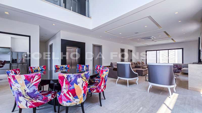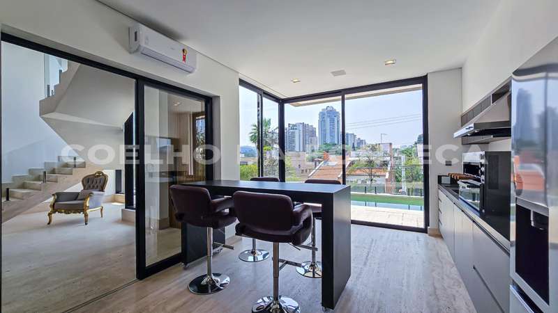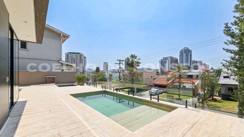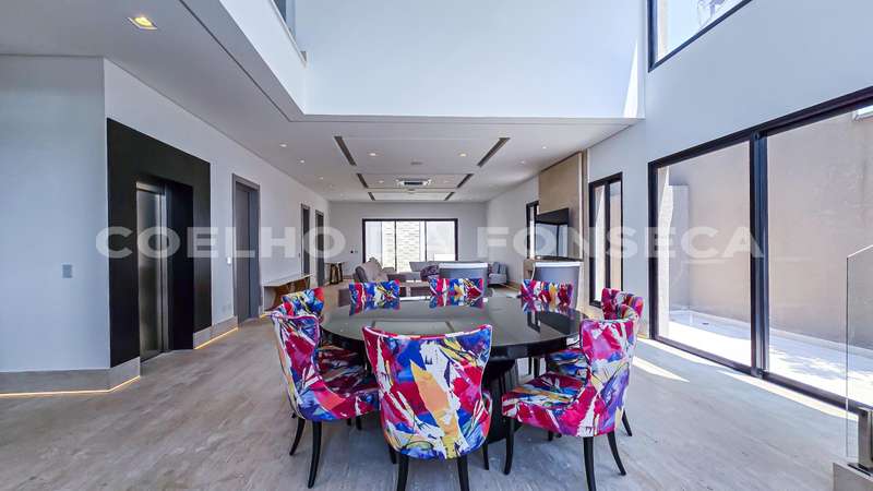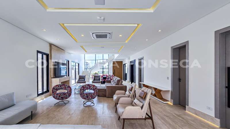 Projeto moderno e sofisticado, residência de altíssimo padrão. Mármore na ala social toda, living para 3 ambientes sendo um com lareira, home theater.àrea gourmet integrada à piscina, elevador, fogo de châo, jacuzie 2 lavandeirias. Piso superior todo em madeira, copinha, ropeiro, 4 suítes com closet, sendo a master com banheiro senhor e senhora. Piso terreo, garagem para 4 carros,
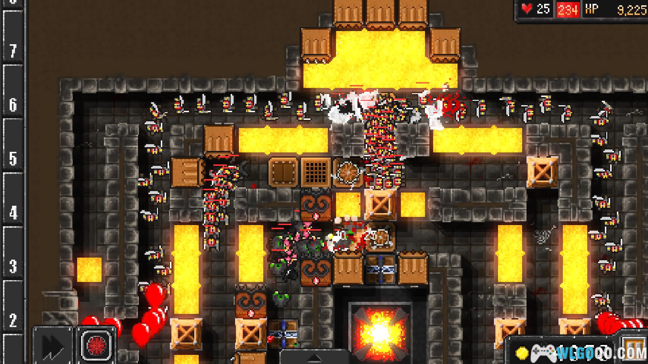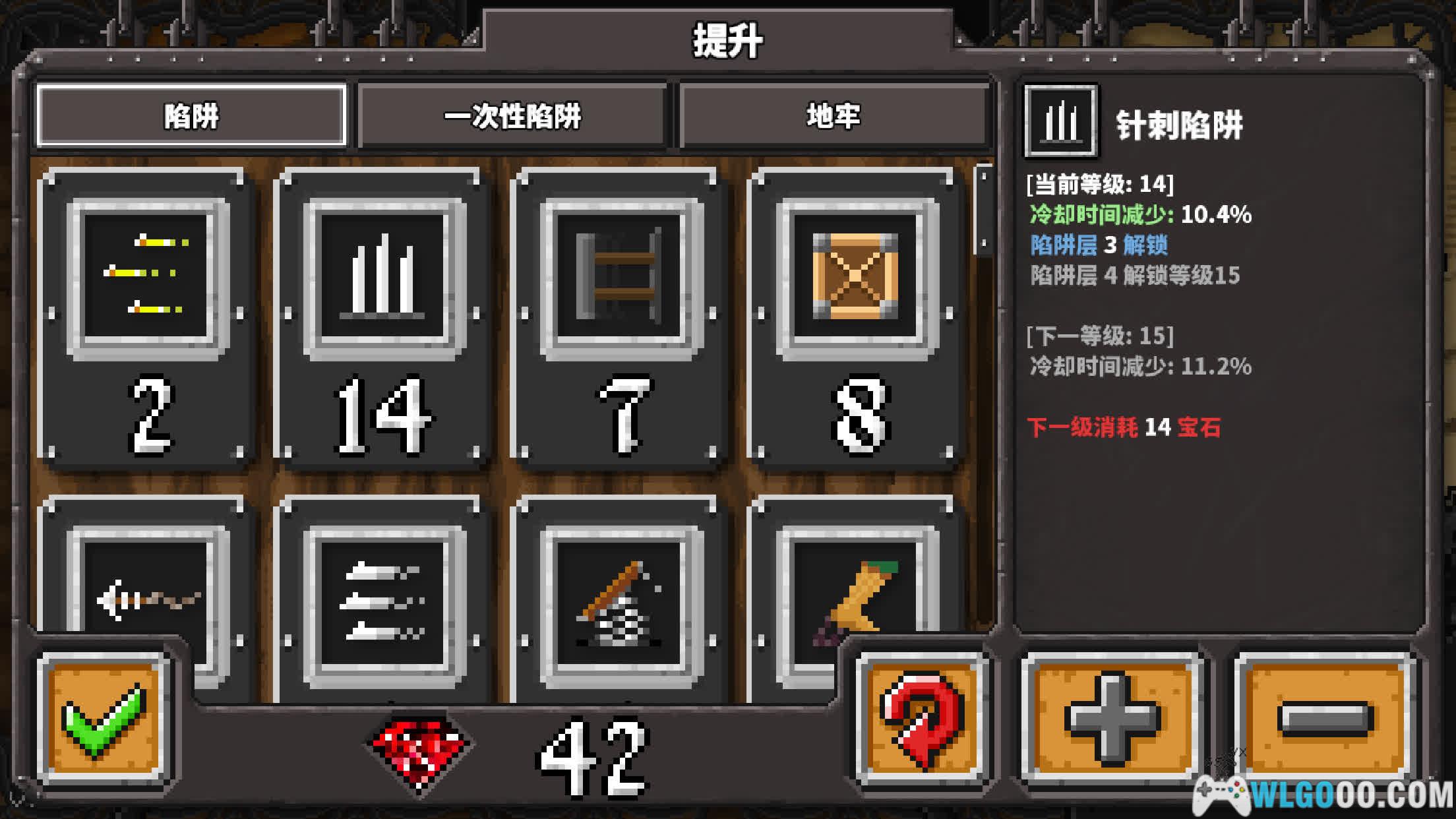 - 陷阱升级:通过关卡后获得的钻石,可以永久提升陷阱的强度和解锁新能力。游戏提供了26种独特的陷阱,大部分可进行3层升级。
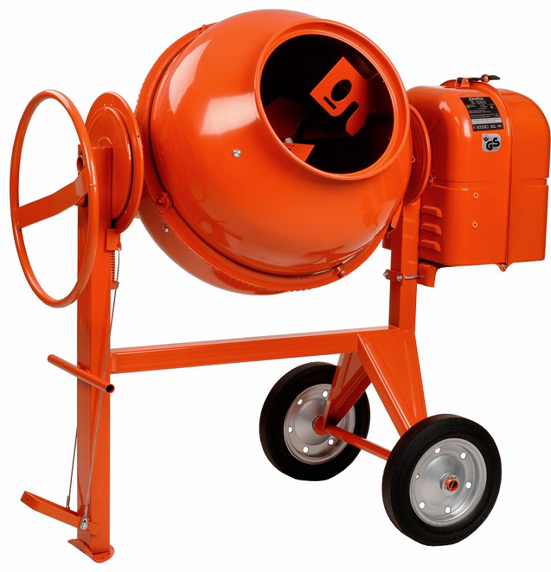 Stavební míchačka s objemem 230 l, napětí 230 V, robustní provedení, jednoduché ovládání, nožní brzda.
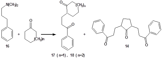 Сам трикетон 14 получается в качестве побочного продукта (7 %) в реакции основания Манниха 16 с циклопентаноном при нагревании до 155 °С (схема 2, путь (а)). Основным продуктом реакции является 1,5-дикетон 17 (n=1). При проведении реакции при микроволновом облучении выход 14 увеличивается до 17 %. А в реакции основания Манниха 16 с циклогексаноном (термические условия, микроволновое облучение) образуется только 1,5-дикетон 18. Образование трикетона в этой реакции не наблюдается.
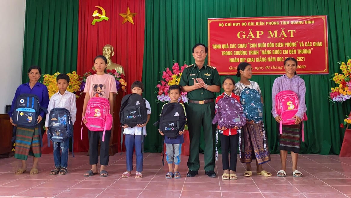 Nhân dịp bắt đầu năm học mới 2020-2021, hôm nay, 4/9, lãnh đạo Bộ Chỉ huy Bộ đội Biên phòng tỉnh Quảng Bình đã tổ chức gặp mặt, trao tặng 94 suất quà cho các cháu hiện đang là con nuôi, học sinh được lực lượng biên phòng nhận đỡ đầu. Mỗi suất quà trao tặng cho các em có trị giá 400 nghìn đồng.
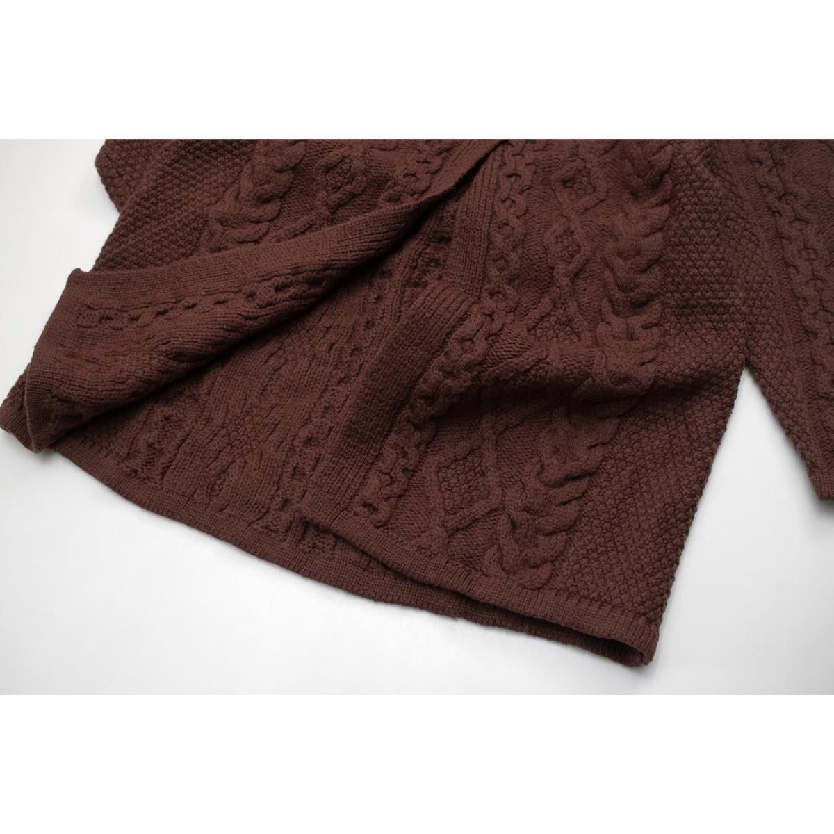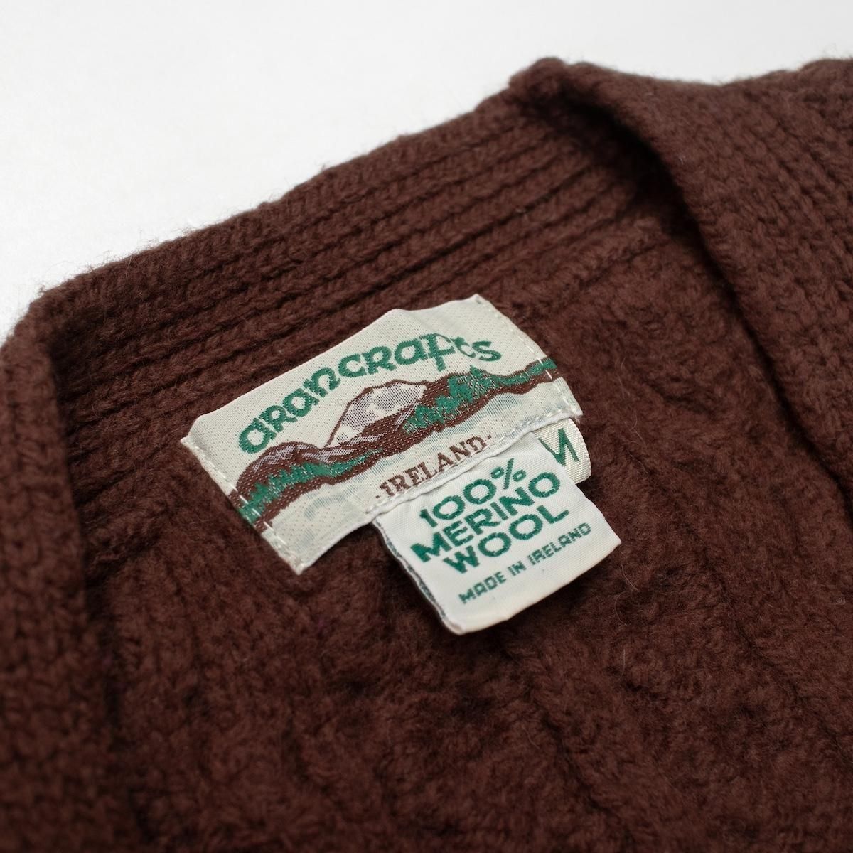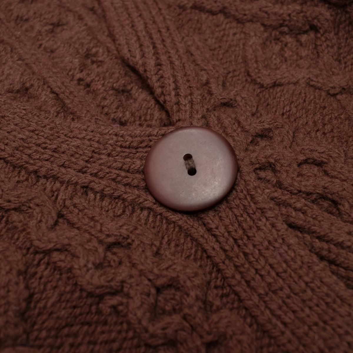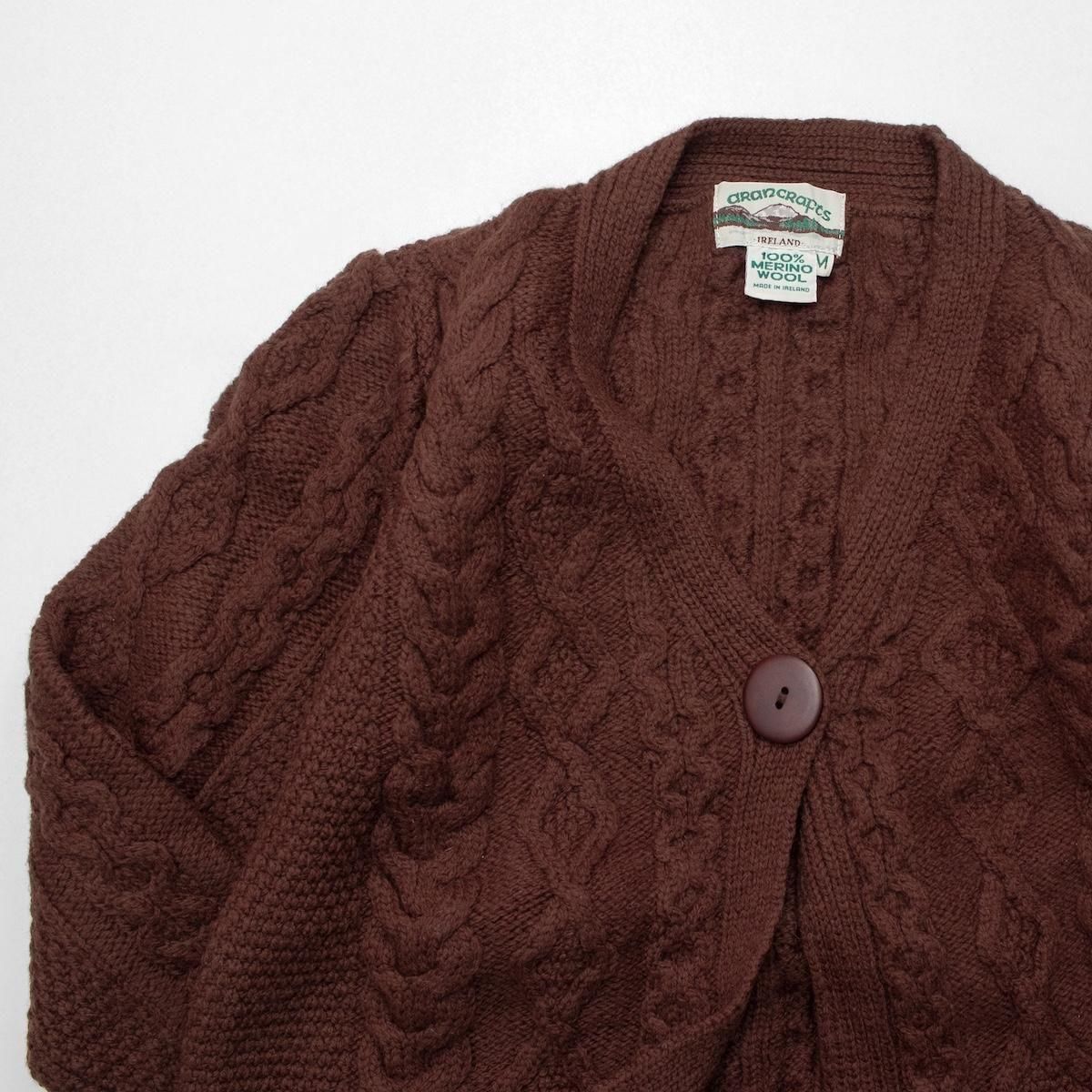 ユーズド アイルランド製 アランクラフツ ケーブルニット カーディガン パフスリーブ ブラウン アランセーター [Aran Crafts] 2311-9

Task goal:
Restate the data above word for word. Skip every picture.

Finished task:
 Projeto moderno e sofisticado, residência de altíssimo padrão. Mármore na ala social toda, living para 3 ambientes sendo um com lareira, home theater.àrea gourmet integrada à piscina, elevador, fogo de châo, jacuzie 2 lavandeirias. Piso superior todo em madeira, copinha, ropeiro, 4 suítes com closet, sendo a master com banheiro senhor e senhora. Piso terreo, garagem para 4 carros,
 - 陷阱升级:通过关卡后获得的钻石,可以永久提升陷阱的强度和解锁新能力。游戏提供了26种独特的陷阱,大部分可进行3层升级。
 Stavební míchačka s objemem 230 l, napětí 230 V, robustní provedení, jednoduché ovládání, nožní brzda.
 Сам трикетон 14 получается в качестве побочного продукта (7 %) в реакции основания Манниха 16 с циклопентаноном при нагревании до 155 °С (схема 2, путь (а)). Основным продуктом реакции является 1,5-дикетон 17 (n=1). При проведении реакции при микроволновом облучении выход 14 увеличивается до 17 %. А в реакции основания Манниха 16 с циклогексаноном (термические условия, микроволновое облучение) образуется только 1,5-дикетон 18. Образование трикетона в этой реакции не наблюдается.
 Nhân dịp bắt đầu năm học mới 2020-2021, hôm nay, 4/9, lãnh đạo Bộ Chỉ huy Bộ đội Biên phòng tỉnh Quảng Bình đã tổ chức gặp mặt, trao tặng 94 suất quà cho các cháu hiện đang là con nuôi, học sinh được lực lượng biên phòng nhận đỡ đầu. Mỗi suất quà trao tặng cho các em có trị giá 400 nghìn đồng.
 ユーズド アイルランド製 アランクラフツ ケーブルニット カーディガン パフスリーブ ブラウン アランセーター [Aran Crafts] 2311-9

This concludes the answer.